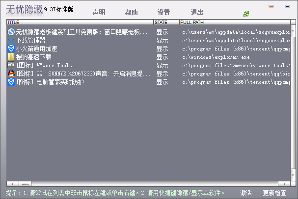 使用鼠標或鍵盤快捷鍵瞬間隱藏指定窗口或通知區(qū)圖標。
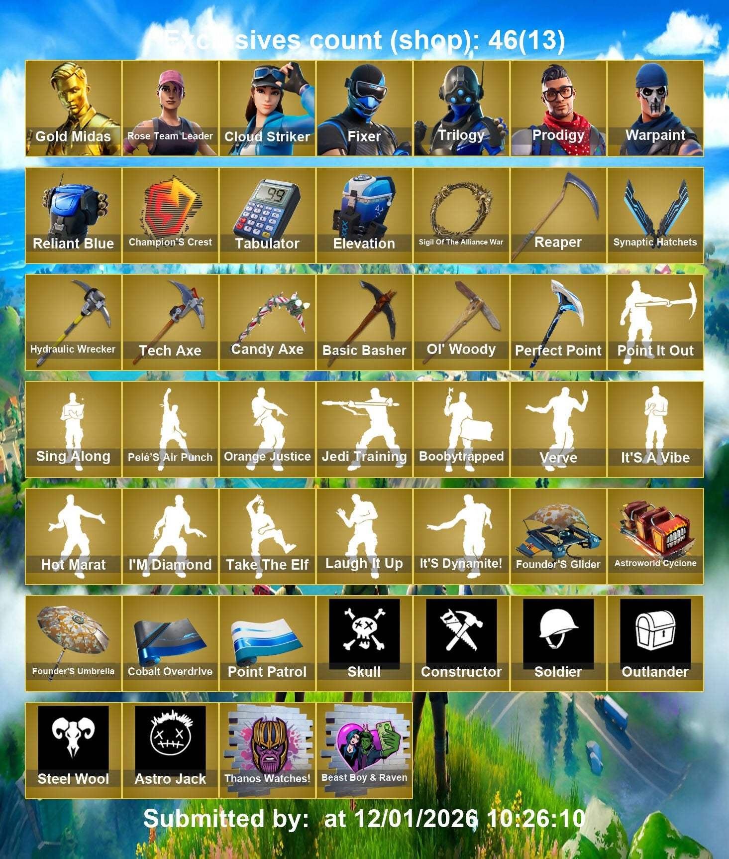 [PC/PSN/XBOX] 160 skins | OG STW | Gold Midas | Prodigy | Cloud Striker | Trilogy | Fixer | Spectra Knight | Sorana | Sentinel | Blackheart | Ragnarok | Valeria | 150 VB
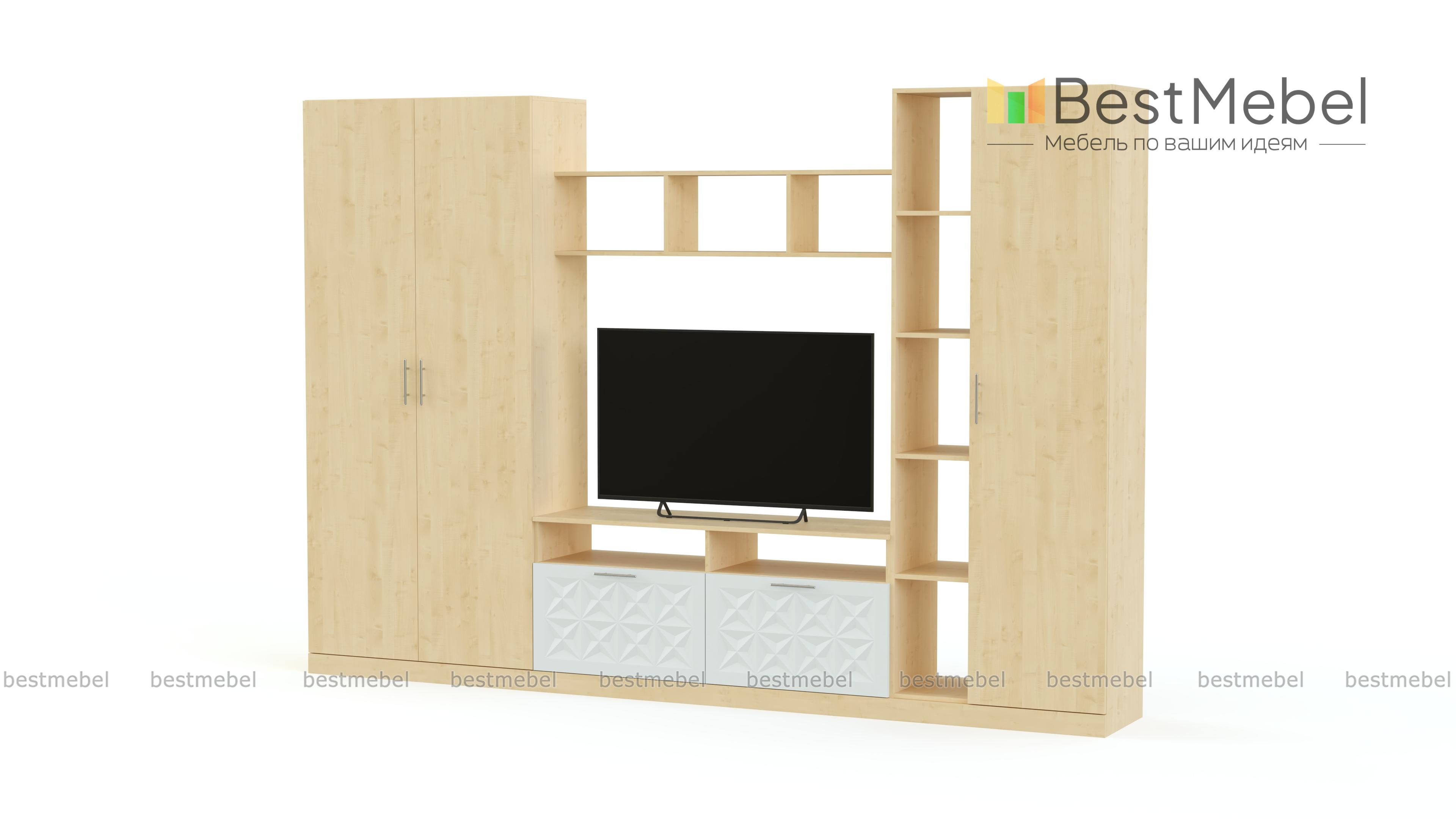 Стенка Вельвет 17 BMS из популярной серии объединила классические традиции и современную функциональность. Гармоничная композиция включает в себя низкую тумбу под ТВ, платяной двухдверный шкаф, антресоль и комбинированный шкаф с закрытой бельевой секцией и стеллажом. Отделения разного типа позволят разместить аппаратуру, книги, одежду и многочисленные бытовые мелочи. Интересным акцентом в домашнем интерьере станет сочетание оттенков под массив дерева и терракотового с рельефным рисунком. Купить стенку Вельвет 17 BMS приглашаем недорого в наш интернет-магазин.
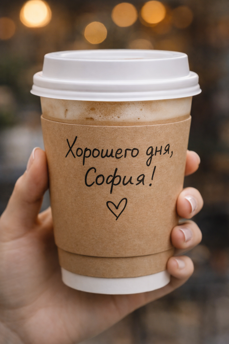 Девушка в светлом тренче, с гладкими волосами, как будто их полировали в салоне «для богинь», и с кокосовым латте в стаканчике, на котором было написано: «Хорошего дня, София!» — сердечком.
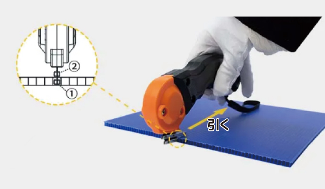 金属ガイド棒②をプラダンの中空部分に差し込み、後方に引いて切断します。

● ● ●

• _Required action_
Leaving the pictures aside, copy exactly and only the lines from the one holding "[PC/PSN/XBOX] 160 skins" through the final line of the data, both ends kept.

• _Result of this task_
 [PC/PSN/XBOX] 160 skins | OG STW | Gold Midas | Prodigy | Cloud Striker | Trilogy | Fixer | Spectra Knight | Sorana | Sentinel | Blackheart | Ragnarok | Valeria | 150 VB
 Стенка Вельвет 17 BMS из популярной серии объединила классические традиции и современную функциональность. Гармоничная композиция включает в себя низкую тумбу под ТВ, платяной двухдверный шкаф, антресоль и комбинированный шкаф с закрытой бельевой секцией и стеллажом. Отделения разного типа позволят разместить аппаратуру, книги, одежду и многочисленные бытовые мелочи. Интересным акцентом в домашнем интерьере станет сочетание оттенков под массив дерева и терракотового с рельефным рисунком. Купить стенку Вельвет 17 BMS приглашаем недорого в наш интернет-магазин.
 Девушка в светлом тренче, с гладкими волосами, как будто их полировали в салоне «для богинь», и с кокосовым латте в стаканчике, на котором было написано: «Хорошего дня, София!» — сердечком.
 金属ガイド棒②をプラダンの中空部分に差し込み、後方に引いて切断します。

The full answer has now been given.